▶ EXERCISE DETAILS
Output all of the lines below exactly, and leave out each image.

▶ STORED DATA

***

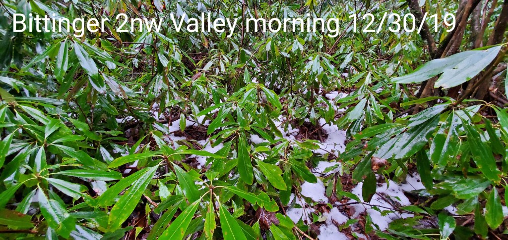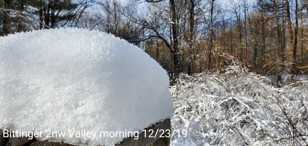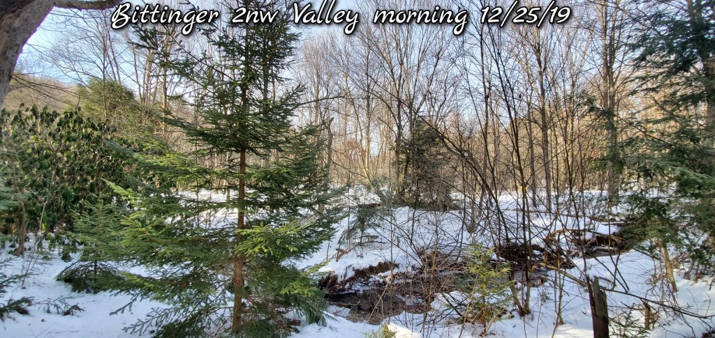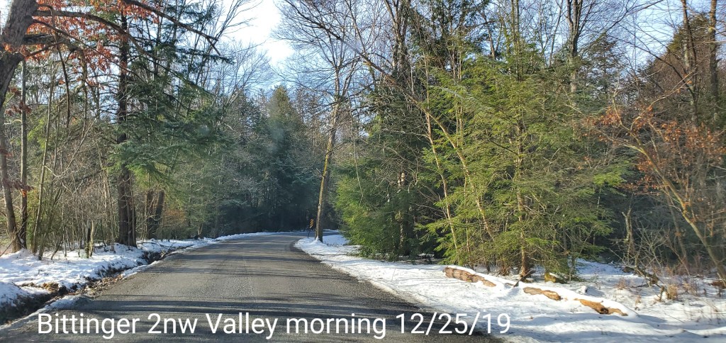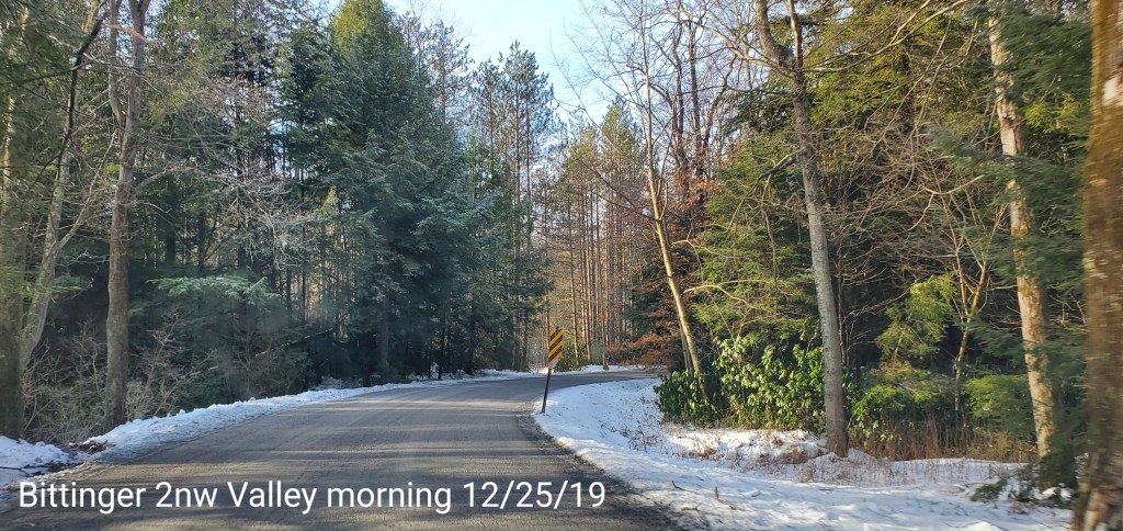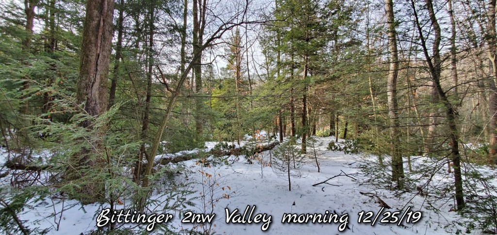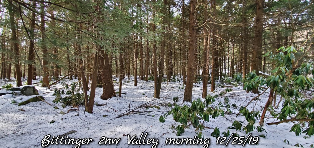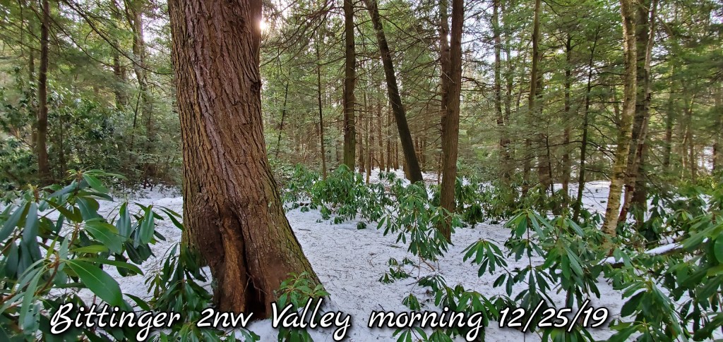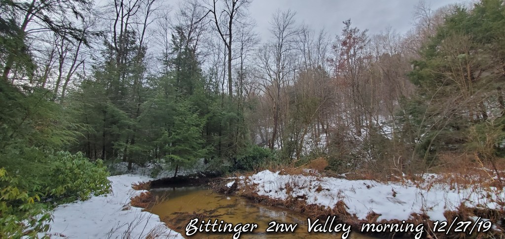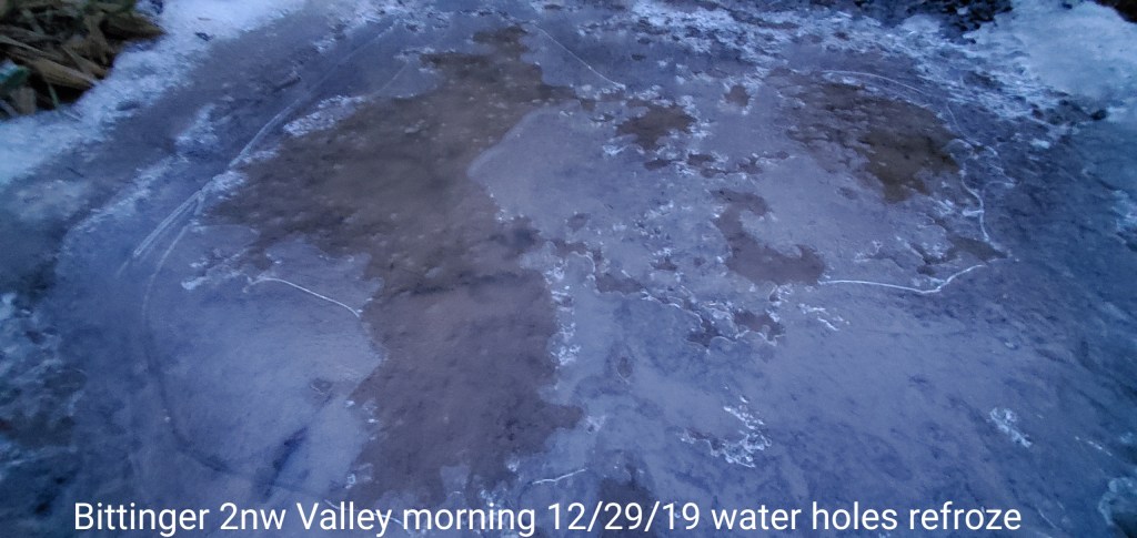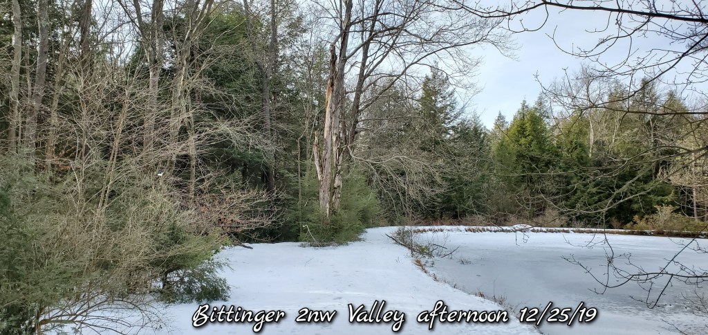 This is an area, that holds cold for the east flow ice events, and west enough to do well on upslope events. Also a sheltered valley that holds cold well. Evident by the temps and remaining snow(lots of pics below)that gave a white Christmas to this area. At 9am, a 3″ hardpack remained.
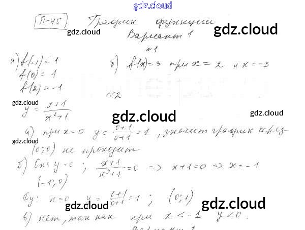 П-45. График функции Ответы к Проверочным заданиям по Алгебре 8 класс Дидактические материалы Евстафьева Просвещение
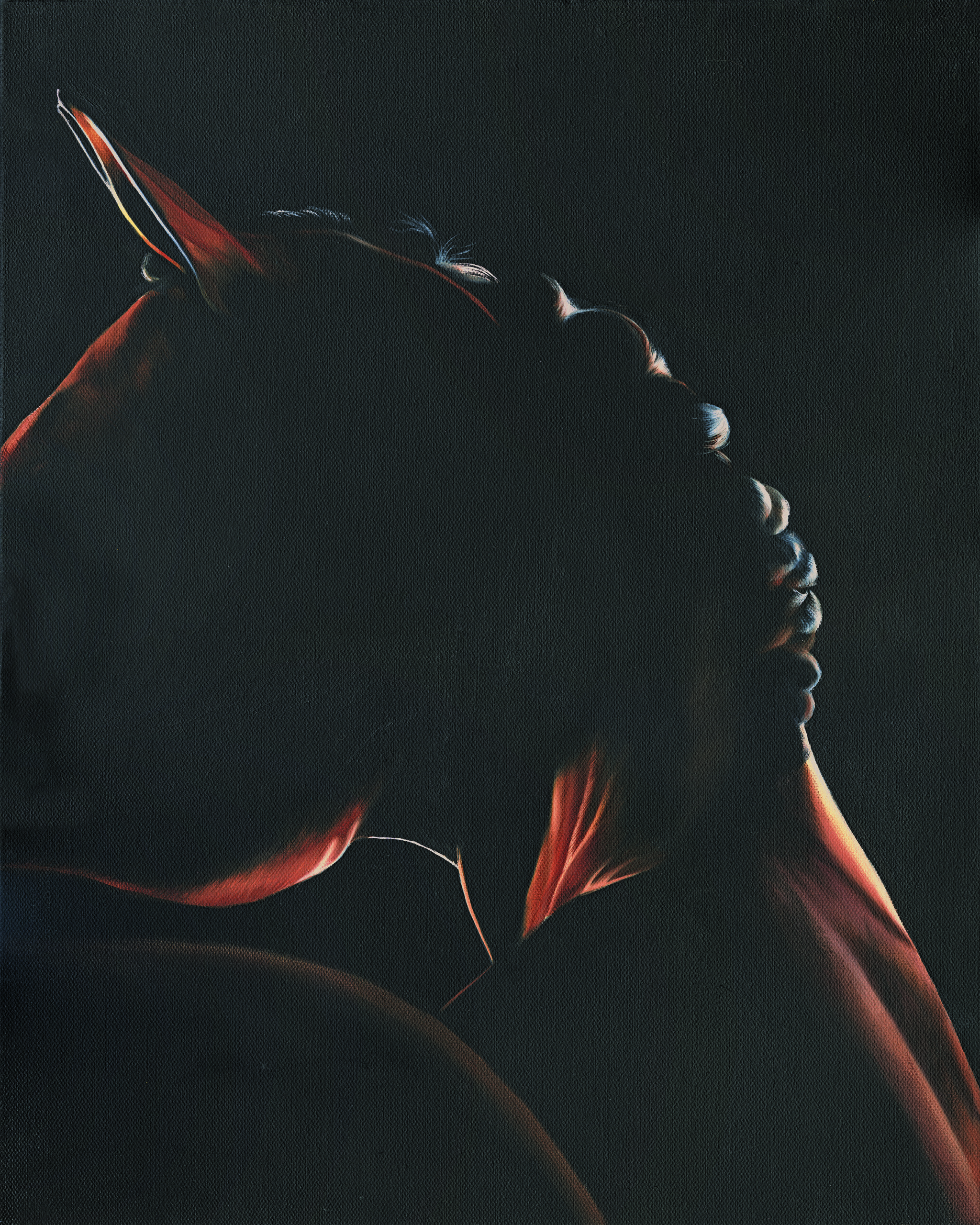 This painting captures the horse in an intimate, sculptural moment. The dark background creates a dramatic setting, and as a result, the illuminated areas feel even more intense. Deep, bright reds and glowing oranges move across the form, tracing the muscles and subtle curves with fiery precision. These warm tones contrast beautifully with the surrounding darkness, giving the piece a sense of heat and motion.

***

▶ SOLUTION TO THIS PROBLEM
 This is an area, that holds cold for the east flow ice events, and west enough to do well on upslope events. Also a sheltered valley that holds cold well. Evident by the temps and remaining snow(lots of pics below)that gave a white Christmas to this area. At 9am, a 3″ hardpack remained.
 П-45. График функции Ответы к Проверочным заданиям по Алгебре 8 класс Дидактические материалы Евстафьева Просвещение
 This painting captures the horse in an intimate, sculptural moment. The dark background creates a dramatic setting, and as a result, the illuminated areas feel even more intense. Deep, bright reds and glowing oranges move across the form, tracing the muscles and subtle curves with fiery precision. These warm tones contrast beautifully with the surrounding darkness, giving the piece a sense of heat and motion.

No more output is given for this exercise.